JANGAN KEBOLAK-BALIK! IKHTIAR vs TAWAKAL SAAT DOLAR MENGGANAS 💵⚠️
Seringkali kita salah menempatkan. Saat situasi genting, saat Dolar naik dan ekonomi rakyat tercekik, kita malah hanya bilang, "Sabar, tawakal saja."
Padahal, Tawakal itu urusan HATI. Berpasrah diri kepada Illahi Rabbi.
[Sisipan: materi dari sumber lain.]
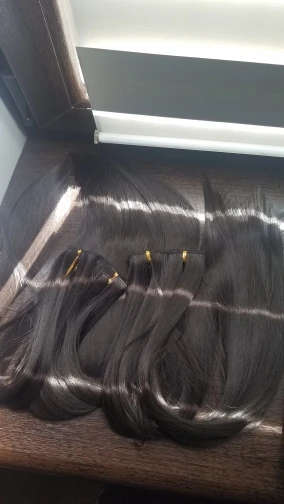 Пришли волосы быстро, недели за 2 . Чуть светлее, чем на фото. Хотя издалека выглядят темнее. Цвет 2/33 похож на Морозный каштан. Немного есть оттенок красно-розовый, блестят, жестковаты. У двойной пряди одна заколка сломана, не щелкает. Навер поэтому положили запасную заколку, одну. Ладно, бал не буду снижать, тремя стежками пришить можно заколку. В носке волосы ещё не пробовала, фото добавлю позже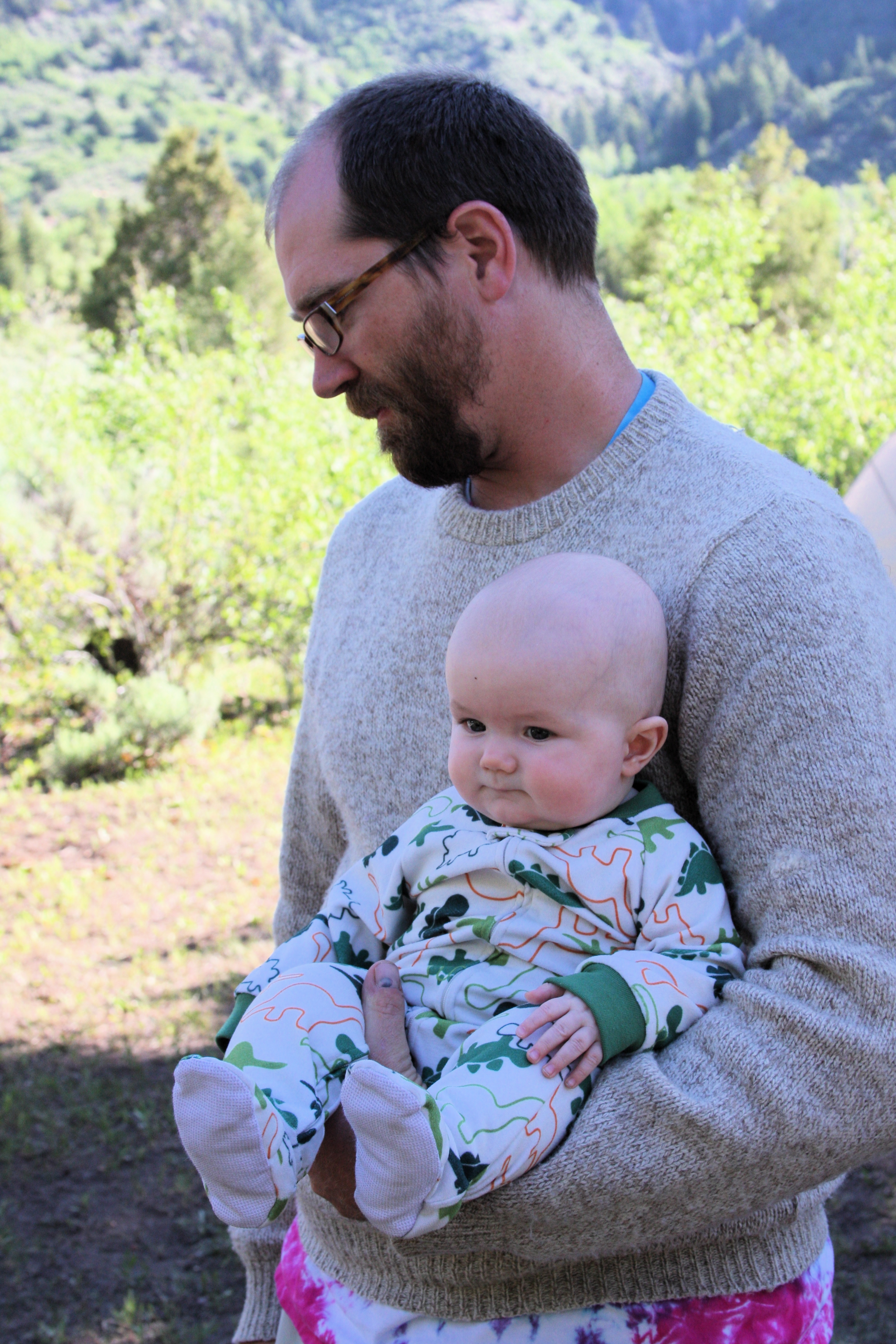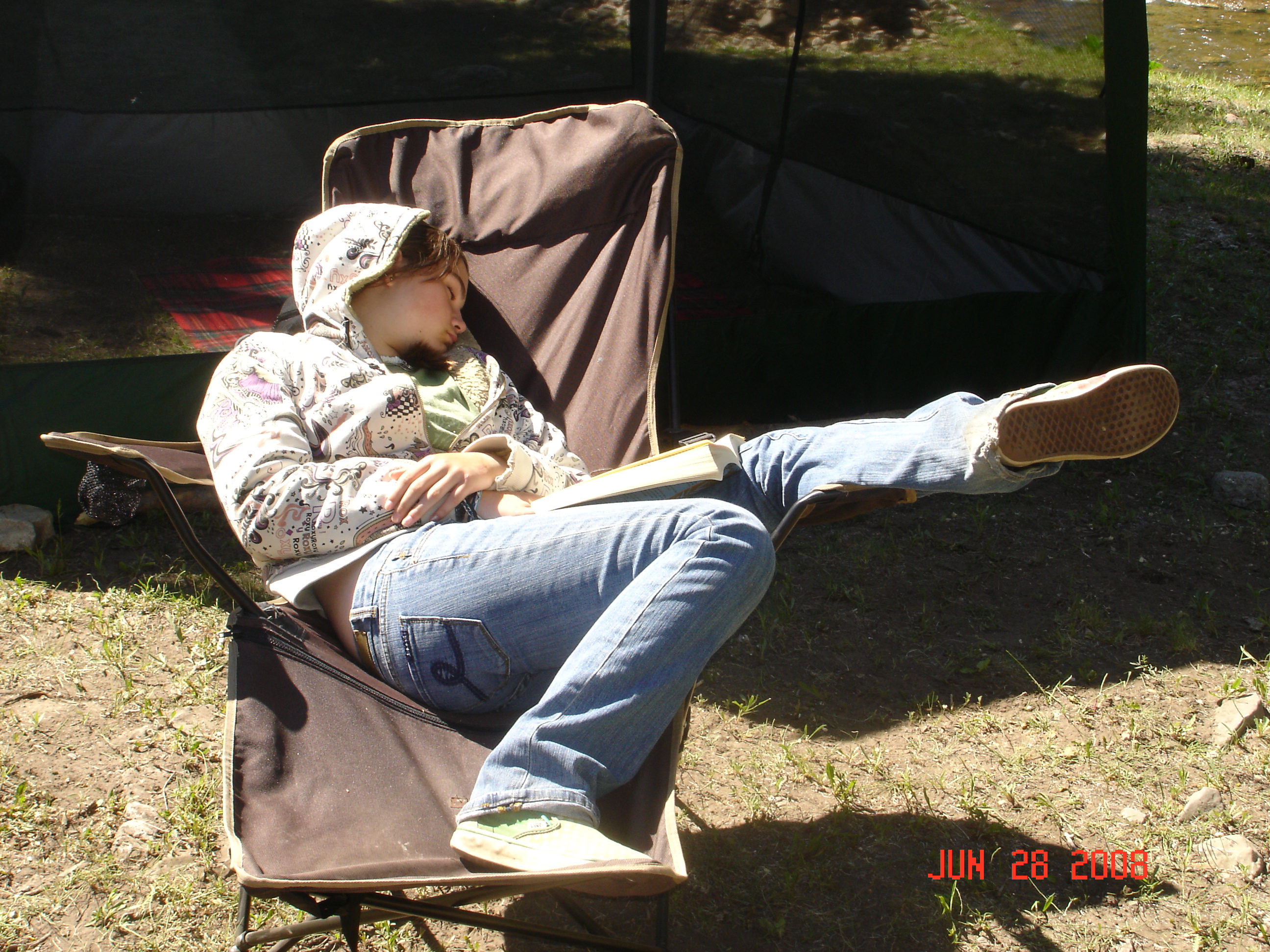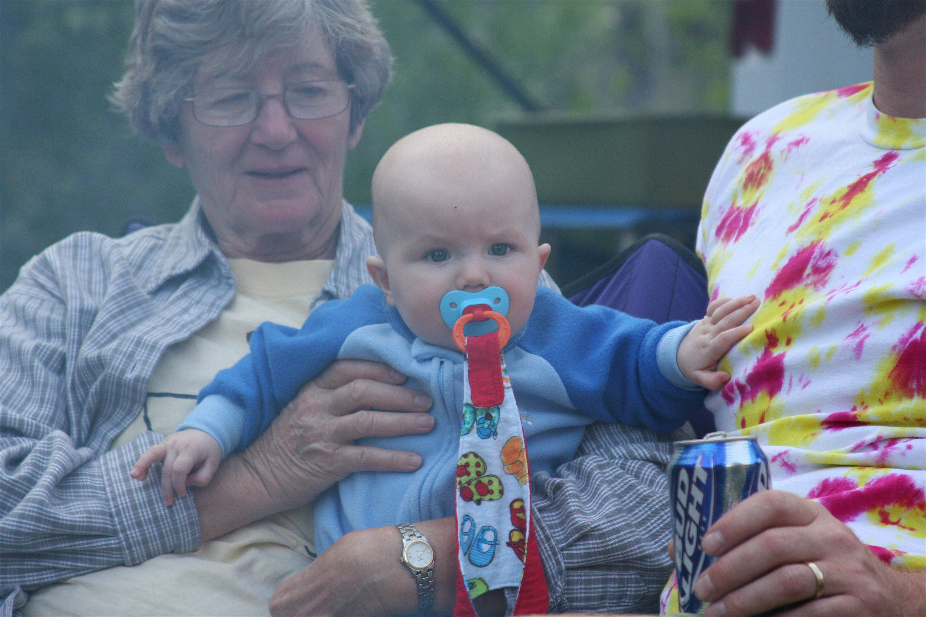 We had a 5 day campout on the North Fork of the Duchesne last week with Mike, D & D and girls, and J & A & SR. Cold at night (40 F) and hot in the day (90). We camped near the river and no one else was around, because Mom put up a big sign on the road that said "RCB Reunion". It was Steven's first camping trip, and he was well taken care of and (fairly) well behaved. He is about twenty pounds now, and a load for G & G. We have taught him to roll over, next is to teach him to crawl. Ann says to go slow! Here's the show:

Sedangkan perubahan itu butuh IKHTIAR, usaha diri yang maksimal.
Lalu, apa ikhtiar kita saat Dolar mengganas?
Bukan cuma doa di sajadah. Tapi ada amal nyata yang justru paling utama:
1. Amar Ma'ruf Nahi Mungkar kepada Penguasa 🗣️
Rasulullah ﷺ bersabda:
أَفْضَلُ الْجِهَادِ كَلِمَةُ عَدْلٍ عِنْدَ سُلْطَانٍ جَائِرٍ
"Jihad yang paling utama adalah menyampaikan kalimat yang adil (kebenaran) di hadapan penguasa yang zalim."
(HR. Abu Dawud No. 4344, Tirmidzi No. 2174, Ibnu Majah No. 4011, dishahihkan oleh Al-Albani)
Inilah ikhtiar puncak. Mengingatkan penguasa bahwa krisis ini adalah buah dari sistem yang rusak. Sistem ribawi. Ketergantungan pada Dolar. Ini akumulasi dosa ekonomi, dan kita tidak boleh diam.
2. Edukasi Dinar & Dirham 📚
Mengenalkan kembali alat tukar yang adil dan stabil. Membongkar betapa rapuhnya sistem uang kertas yang kita pakai saat ini. Ini ikhtiar ilmu.
3. Mendorong Perubahan Sistemik ⚙️
Tidak cukup jadi pemadam kebakaran. Kita harus padamkan sumber apinya. Memperjuangkan totalitas sistem ekonomi Islam.
---
Lalu, di mana Tawakalnya?
Tawakal itu dimulai:
🤲 SEBELUM ikhtiar: meluruskan niat hanya karena Allah.
🤲 SAAT ikhtiar: hati terus bergantung pada-Nya, tidak putus asa, tidak gentar.
🤲 SESUDAH ikhtiar: pasrahkan seluruh hasil pada Allah.
Jangan tertukar. Hati bertawakal, raga berikhtiar.
Jangan ketika dituntut usaha, malah hanya berpasrah diri tanpa gerak.
Semoga Allah mudahkan kita menjadi hamba yang benar dalam tawakal dan maksimal dalam ikhtiar. Aamiin.